Instructor Danny Ware said industry partnerships are vital to students’ learning because he wouldn’t otherwise have the money to purchase hardware and software at retail prices. The manufacturing and oil and gas industries frequently hire students enrolled in his advanced manufacturing and instrumentation and control systems classes.
The parts for the programmable-logic control board Devonshire built in the summer have a retail price of about $20,000, but thanks to hardware discounts and software donations from Siemens, students were able to build six such devices for less than $5,000.
Amanda Beaton, Siemens U.S. manager for the company’s cooperative education program, flew from Atlanta to Oklahoma City one Thursday to receive Francis Tuttle’s outstanding industry partner award. Ware said students like Devonshire get hands-on experience building with donated equipment and are able to take practice tests free.

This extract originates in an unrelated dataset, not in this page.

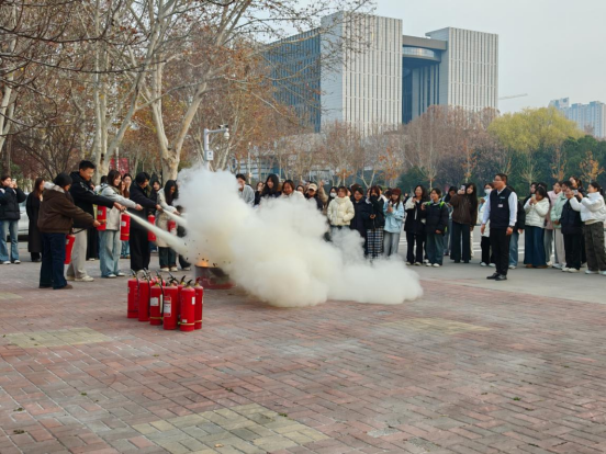 理论学习结束后,全体参训学生移步至博雅广场,开展灭火器使用实操演练。在专业老师的指导下,学生们进行了灭火器实操体验,切实掌握了初期火灾的扑救技能。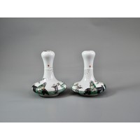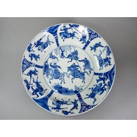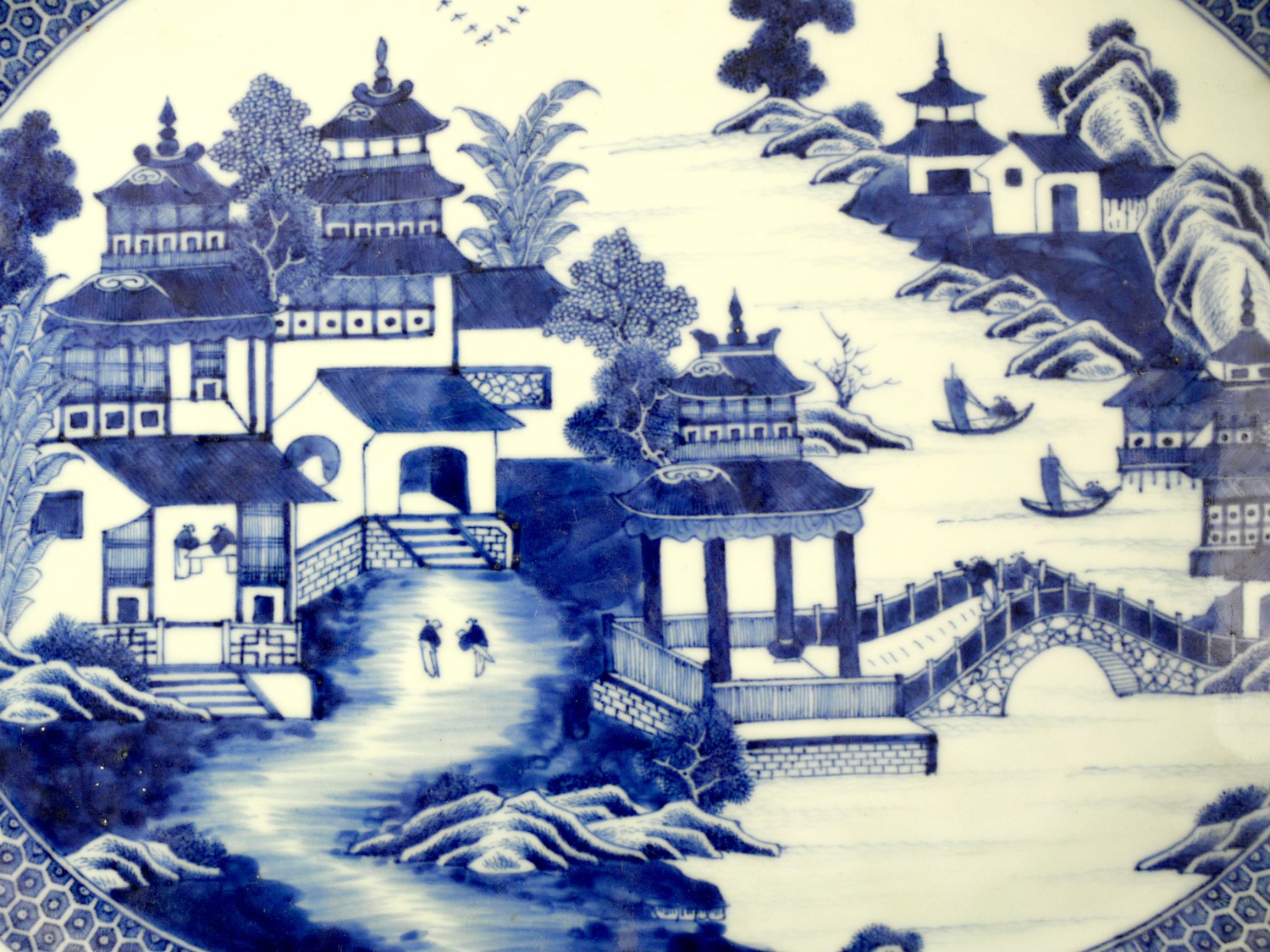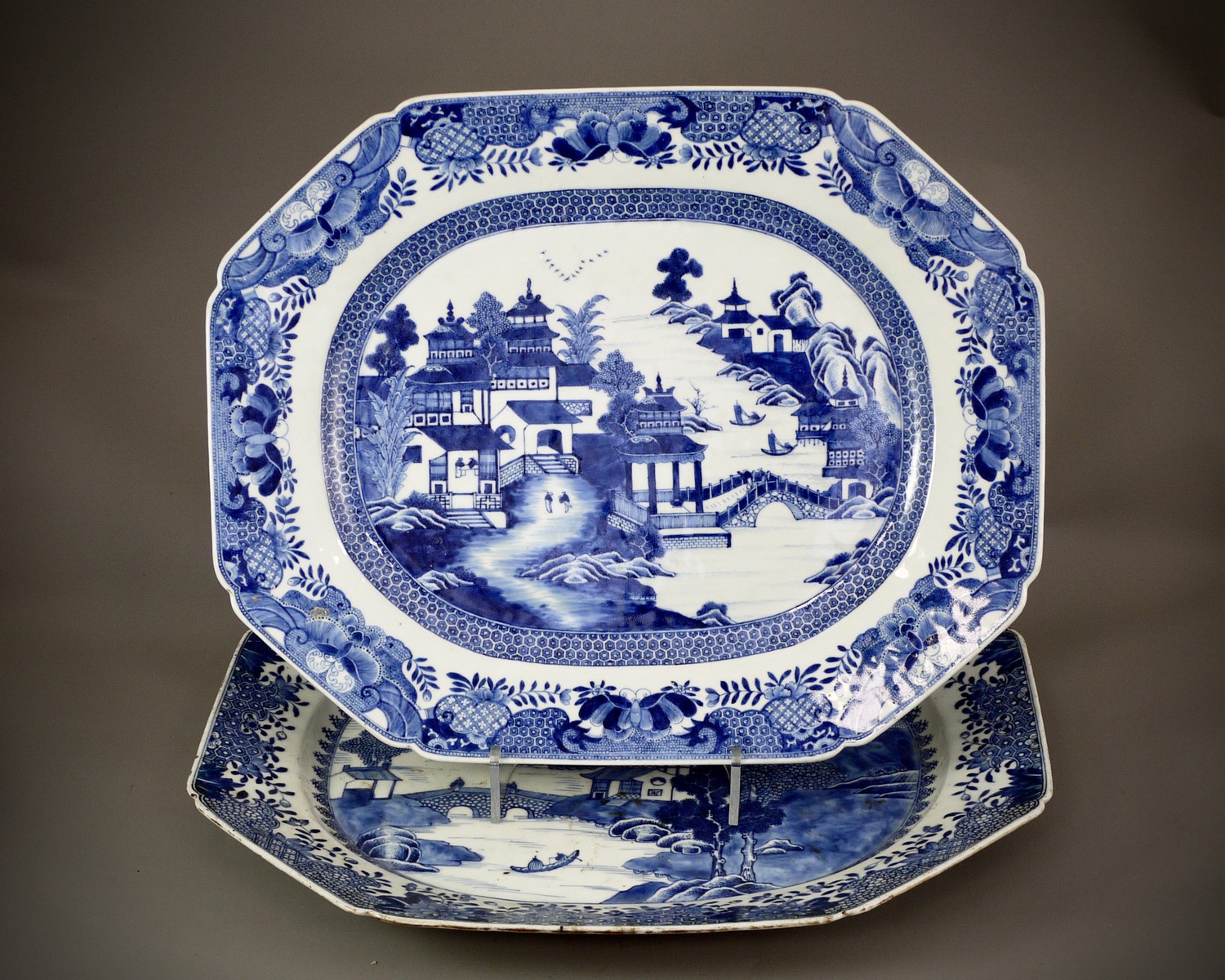 Both with a well painted central medallion of a bridge and lakeside pavilions, the rim with a butterfly and diaper panel border.

Beaton said her company developed the training curriculum and certification tests because Siemens’ clients wanted assurance that potential employees understand how to use the equipment, according to The Journal Record (http://bit.ly/2hWJf7x ). PLC machinery is used to control manufacturing machinery and to monitor and control oil and gas operations at well sites.

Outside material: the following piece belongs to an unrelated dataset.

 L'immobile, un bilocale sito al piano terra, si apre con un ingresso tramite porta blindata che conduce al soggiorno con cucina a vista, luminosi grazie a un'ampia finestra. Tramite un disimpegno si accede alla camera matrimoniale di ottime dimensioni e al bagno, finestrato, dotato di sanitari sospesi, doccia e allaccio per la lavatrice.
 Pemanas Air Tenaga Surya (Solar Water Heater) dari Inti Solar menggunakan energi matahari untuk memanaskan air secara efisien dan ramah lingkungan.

Beaton said Siemens spent $1 million in its education partnership program nationwide with about 400 schools. About 75 percent of the educational institutions are two-year career-tech centers like Francis Tuttle. The tech center was the first in the nation to receive Siemens’ training, she said.
Other industry groups partner with Francis Tuttle to help train the next generation of workers. The Oklahoma Energy Resources Board provides free tuition for petroleum industry classes there. OERB has $70,000 budgeted for the 2016-2017 school year, said spokeswoman Dara McBee.
Oklahoma Independent Petroleum Association spokesman Cody Bannister said industry partnerships with educational institutions are critical to meeting the demand for workers. The average age of oil and gas workers is 55 years.
“Recruiting young, intelligent, hardworking Oklahomans is paramount to the future success of the oil and gas industry,” Bannister said.
Ware said demand for workers in oil and gas and manufacturing is high enough that the last eight students were hired before they completed the PLC training program.
“It’s not enough to be a good mechanic anymore,” he said. “You have to understand the computer programming, too.”